Freddy is a professional guide, a member of a trade union that certifies he’s qualified. His English is good, and we’re pleased to have him for two hours. Our early arrival means that few other tourists have come, and Freddy can talk without competing with other guides. The ruins are still rather empty, and we can look down upon them in their entirety.
After a few introductory remarks, Freddy leads our group to the gatehouse, the best vantage point. It’s here that we see all Machu Picchu as thousands have before us.
What can I say about Machu Picchu? That it’s beautiful? Magnificent? Mind-boggling? It’s all of those. To think that this kid from the sticks got to see one of the ancient wonders of the world is amazing. I’m so grateful.
We learn many things from Freddy. Machu Picchu does indeed mean “old peak.” One doesn’t climb it, because the ruins are set into it. High atop the peak, the Colombian flag flies. The mountain seen in many photographs is Huayna Picchu, “young peak.” We’ll climb it later.
Freddy relates the story of Hiram Bingham’s discovery of Machu Picchu (MP) in 1911. He indicates how the Inca Trail was kept secret from the marauding Spanish, the only way it could evade destruction. At the main gate he explains how the royal estate’s only entrance could be locked by tying a tree trunk against the towering stones.
Freddy explains how the various areas were used, from the playing field where the royals gathered to the residential section. The latter was divided into living quarters for men and women. Experts say children didn’t live there, because no toys were found among the ruins. Michelle and I pooh-pooh the idea that the women and men didn’t mingle. We know better.
We continue our tour of the site and visit the sundial, the quarry, the temple of the three windows, the wings of the condor. When we finish, we still have most of the day to continue our exploration.
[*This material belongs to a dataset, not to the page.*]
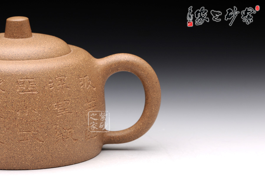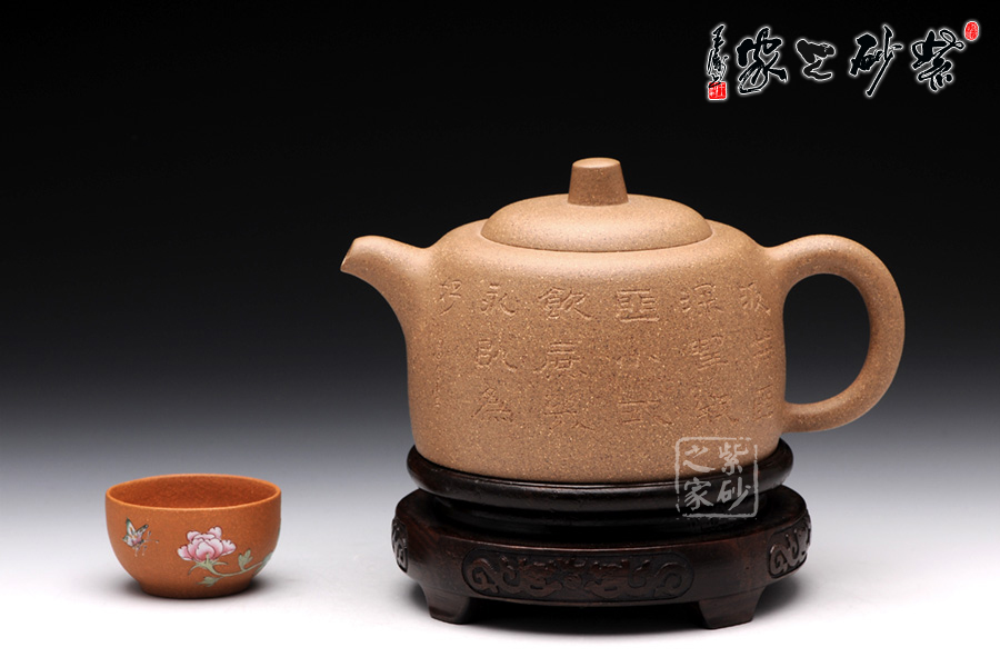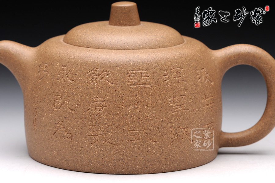 精選原礦段泥制成的井欄壺,清雅脫俗,簡(jiǎn)潔質(zhì)樸。該壺體周身皆由弧線(xiàn)構(gòu)成,線(xiàn)條圓融有力,簡(jiǎn)潔明快,壺身沉穩(wěn)而不凝滯,別有一番風(fēng)味;斜斜向上的管狀流和中心略為下沉的環(huán)形把,前后呼應(yīng),壺嘴略微短小,齊整干凈,出水暢快,斷水不滴。壺身正面篆刻的是“汲井非深,掣瓶非小,是飲庶幾,永以為好”,此句可謂是道出了井欄壺的真諦:壺與水一家,此壺出香茶;壺與井一體,壺形似井欄,汲水深淺的哲思更耐尋味,發(fā)人深思。此壺,值得把玩和珍藏 。

At 10:30 a.m. we line up with others at the entrance to Huayna Picchu. Climbing to the top of this mountain requires an extra ticket that costs $10US. We picked up our tickets in Cusco so we could also acquire the slightly lower priced student tickets for Mikayla, Jerome and Miles and use our credit cards.
At 11:10 a.m., #322, #325 and #323—Mike, Mikayla and me—pass through the entrance. Surprisingly, the climb to the top of Huayna Picchu takes only one hour. Mikayla and the Hufford boys race to the top as Mike, Michelle and I take a slower pace and Geoff is in between.
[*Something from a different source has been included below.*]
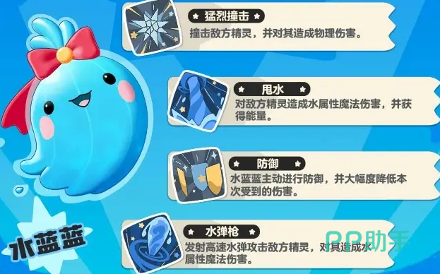 水系元素精灵,同为御三家之一,可以进化成波波拉、水灵,特性都是在使用水系技能的时候所有技能消耗减1点。水蓝蓝造型非常可爱,经常漂浮在水面,头顶上还有一个好看的红色蝴蝶结,不在水中的时候身上也能看到一层透明的液体薄膜。进化成波波拉后总是随着带着一颗球,身旁还环绕着特殊的元素触手,最终型水灵附近的水元素汇集得更多了,甚至还将刚孕育出来的胚胎摆在头顶,水灵可以将水元素喷射出去,冲击力极强。

Mike, Michelle and I stop several times on our ascent. The altitude, lack of fitness or age contribute to shortness of breath and we pause to recover at some switchbacks. We drink lots of water, too.
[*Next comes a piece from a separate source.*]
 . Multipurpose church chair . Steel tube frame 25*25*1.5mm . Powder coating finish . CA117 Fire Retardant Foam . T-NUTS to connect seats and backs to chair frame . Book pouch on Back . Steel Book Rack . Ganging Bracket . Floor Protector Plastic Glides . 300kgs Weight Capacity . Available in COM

About three-quarters of the way up Huayna Picchu our efforts are rewarded with a stunning view of Machu Picchu. From this perspective we can see the expanse of the ruins and pick out places where we stopped with Freddy. We can see the point at which the Inca Trail leads into MP, and the quarry where the stones were cut.
The sun is high overhead now and the orb’s intensity washes out the ruins. They seem to fade into the mountainside. We continue our climb.
We finally reach a plateau of sorts where other climbers have gathered to rest and grab a snack. We’re almost at the summit. Ahead of us is a narrow tunnel that we must crawl through. It deposits us near the peak. A few minutes later we look down upon Machu Picchu, drink in the breeze and gaze upon the cloudy peaks surrounding us.
My friend Sharon LaBorde had asked me to whisper her name into this ancient realm, an idea I embraced enthusiastically, for I had been trying to come up with a special way to remember this place. I softly called out her name. I followed with my sister’s name, Sharon Gaydon, and her husband John. I whispered the name of my friend Vicki Foster back in Florida, and my nieces Seren and Bekah. Mike and Mikayla. Ellen and Geoff. Phyllis. Bill. And so on and so on, blessing every one.